Ensuite, le juge du tarif relève que le nombre de journées d’activité retenu par le directeur général de l’ARS n’est pas conforme à celui dont le respect est prescrit par la règlementaire budgétaire règlementaire, à savoir la moyenne des volumes d’activité constatés les trois dernières années. Il rejette donc la prévision d’activité de l’agence et retient celle de l’organisme gestionnaire.

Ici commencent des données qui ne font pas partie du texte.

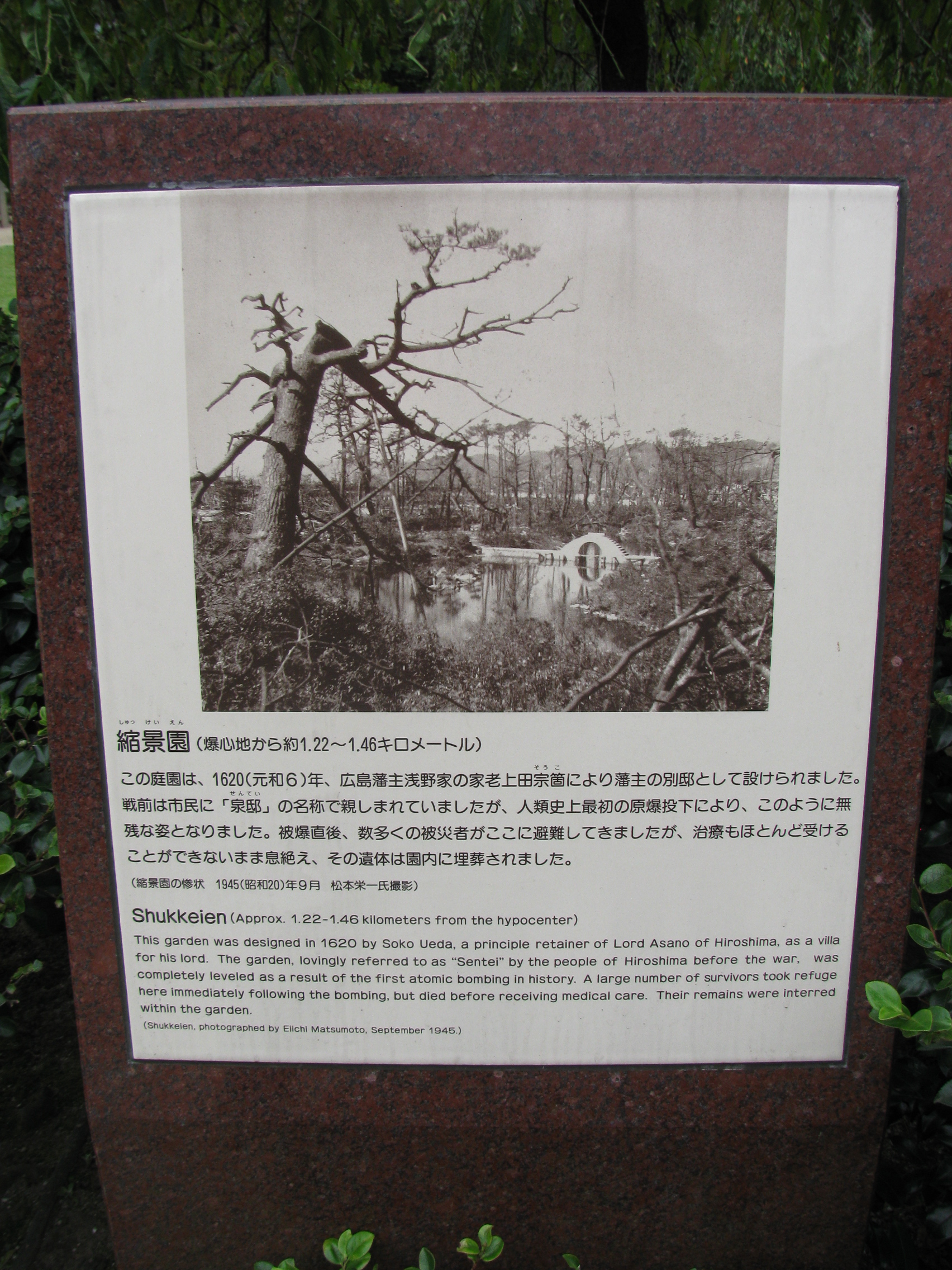 Bu gün genel anlamda park ve şehir gezmesi yapacağım. İlk olarak Shukkeien parkına gittim. Shukkeien parkı, 1620 yılında yapılan ve zamanla büyütülen tipik Japon stili parkların önde gelenlerinden. Hiroşima’da her tarihi, turistik yerler de olduğu gibi burası da 1945 yılından sonra restore edilmiş. Burada bu tür eskiden kalmış parkların, binaların caddelerin önünde 1945 ağustosunun bir resmi konulmuş.

Statuant enfin sur la légalité de l’abattement pratiqué, la juridiction :

  • rappelle certaines des dispositions des articles L. 314-7, R. 314-23 et R. 314-24 du CASF qui définissent limitativement les motifs d’abattement :
    • incompatibilité avec la dotation régionale limitative (DRL) ;
    • dépenses manifestement hors de proportion avec le service rendu ou avec le coût des établissements et services sociaux et médico-sociaux (ESSMS) fournissant des prestations comparables. Sur ce point, le juge précise, à propos des coûts des établissements et services fournissant des prestations comparables, que les textes permettent la prise en compte, par l’autorité de tarification :
      • des coûts moyens et médians de certaines activités ou de certaines prestations, en vue de réduire les inégalités de dotation entre ESSMS ;
      • de la valeur des indicateurs comparée à celle des indicateurs des ESSMS qui fournissent des prestations comparables ;
      • des priorités qu’elle se fixe en matière d’action sociale, notamment s’agissant de l’objectif annuel ou pluriannuel d’évolution des dépenses, de ses priorités en matière d’action sociale ou encore des orientations des schémas ;
      • des résultats d’une étude réalisée par l’organisme gestionnaire à la demande du tarificateur (article R. 314-61 du CASF) ;
      • des indicateurs de référence ministériels par catégorie d’ESSMS (article R. 314-33-1) ;
    • dépenses injustifiées ou excessives compte tenu des conditions de satisfaction des besoins de la population, ou de l’activité et des coûts des ESSMS fournissant des prestations comparables ;
  • considère, au vu de ces principes textuels, que l’autorité de tarification peut tenir compte, au-delà de la capacité autorisée de l’ITEP, de son taux d’occupation réel, à condition toutefois de le faire dans le cadre d’une comparaison entre son coût et celui des ITEP comparables ;
  • constate qu’en l’espèce, si le directeur général de l’ARS soutient que le coût à la place de l’ITEP est de 49 243 euros alors que le coût à la place moyen des ITEP en semi-internat serait de 41 831 euros, ce dernier chiffre n’a pas été calculé à partir du coût des ITEP en semi-internat implantés dans la région mais à partir du coût moyen des ITEP en internat, ce coût étant ensuite corrigé – selon une méthode non précisée – pour établir un coût moyen en semi-internat ;
  • en déduit que l’abattement litigieux, qu’il soit fondé sur des dispositions du ROB – non conformes au CASF – ou sur la comparaison entre le coût à la place de l’ITEP et celui d’autres établissements fonctionnant dans des conditions distinctes, est dépourvu de base légale.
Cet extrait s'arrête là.